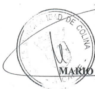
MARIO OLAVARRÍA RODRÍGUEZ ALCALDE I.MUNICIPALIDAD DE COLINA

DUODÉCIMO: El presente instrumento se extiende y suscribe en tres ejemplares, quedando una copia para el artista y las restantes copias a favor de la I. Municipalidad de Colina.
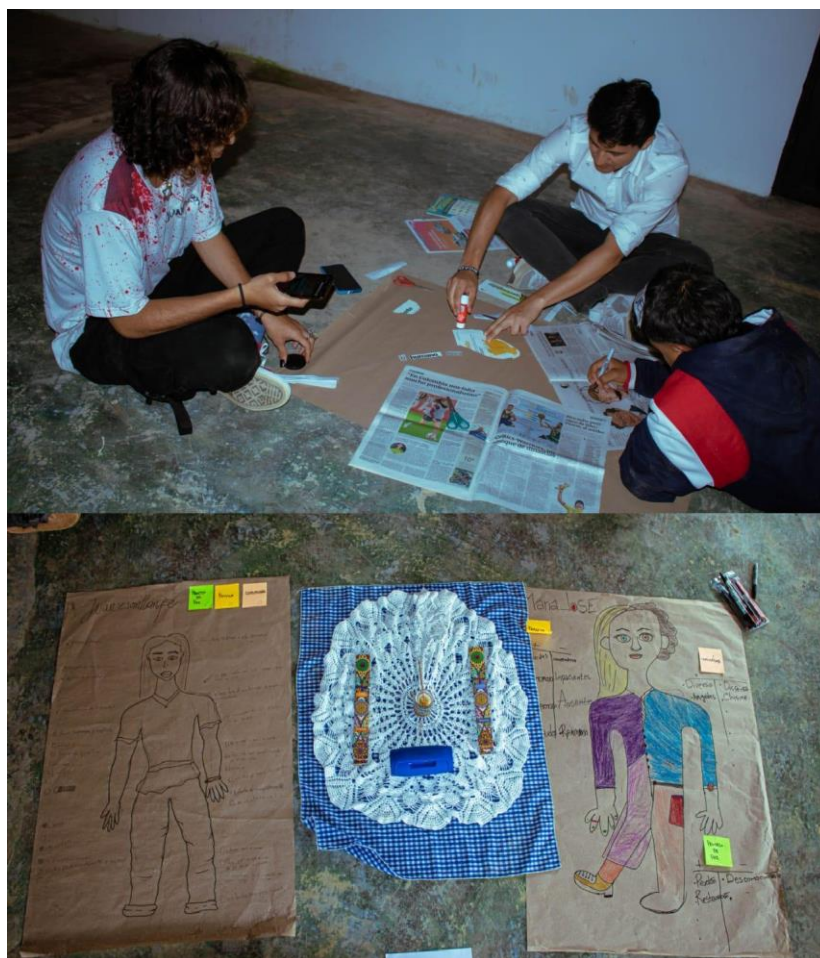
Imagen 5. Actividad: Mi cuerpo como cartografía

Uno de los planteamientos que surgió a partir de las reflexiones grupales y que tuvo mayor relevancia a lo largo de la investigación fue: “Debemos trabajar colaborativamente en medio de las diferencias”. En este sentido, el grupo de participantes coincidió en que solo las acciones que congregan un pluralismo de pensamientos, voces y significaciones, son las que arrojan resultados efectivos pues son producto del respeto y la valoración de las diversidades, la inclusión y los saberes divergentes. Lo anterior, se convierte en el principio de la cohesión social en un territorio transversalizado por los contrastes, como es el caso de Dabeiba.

### Work instruction
Give the data again exactly as written, with no pictures included.

### Completed exercise
MARIO OLAVARRÍA RODRÍGUEZ ALCALDE I.MUNICIPALIDAD DE COLINA

DUODÉCIMO: El presente instrumento se extiende y suscribe en tres ejemplares, quedando una copia para el artista y las restantes copias a favor de la I. Municipalidad de Colina.
Imagen 5. Actividad: Mi cuerpo como cartografía

Uno de los planteamientos que surgió a partir de las reflexiones grupales y que tuvo mayor relevancia a lo largo de la investigación fue: “Debemos trabajar colaborativamente en medio de las diferencias”. En este sentido, el grupo de participantes coincidió en que solo las acciones que congregan un pluralismo de pensamientos, voces y significaciones, son las que arrojan resultados efectivos pues son producto del respeto y la valoración de las diversidades, la inclusión y los saberes divergentes. Lo anterior, se convierte en el principio de la cohesión social en un territorio transversalizado por los contrastes, como es el caso de Dabeiba.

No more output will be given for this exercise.